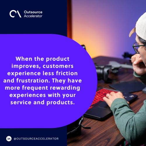 When the product improves, customers experience less friction and frustration. They have more frequent rewarding experiences with your service and products. They enjoy the features you’ve placed instead of being dragged down by them.
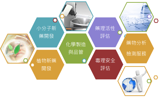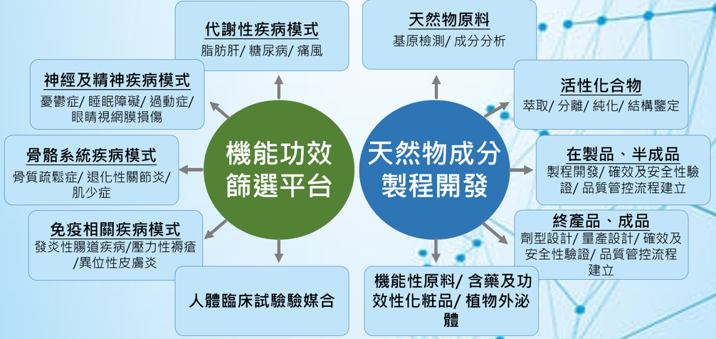 本處秉持生技醫藥產業價值鏈之一站式研發精神,進行新藥(植物新藥、小分子藥物、中藥)暨生技產品(保健食品、化粧品、香氛) 開發。
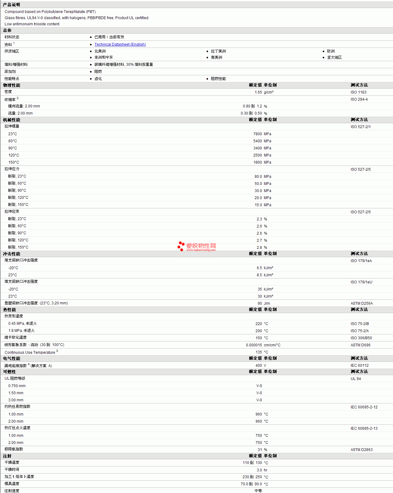 Later pbt 4 G/30-V0CT2物性表 见图片

+ + + +

Try it:
The expected output is the complete listing, word for word, without any picture.

Answer box:
 When the product improves, customers experience less friction and frustration. They have more frequent rewarding experiences with your service and products. They enjoy the features you’ve placed instead of being dragged down by them.
 本處秉持生技醫藥產業價值鏈之一站式研發精神,進行新藥(植物新藥、小分子藥物、中藥)暨生技產品(保健食品、化粧品、香氛) 開發。
 Later pbt 4 G/30-V0CT2物性表 见图片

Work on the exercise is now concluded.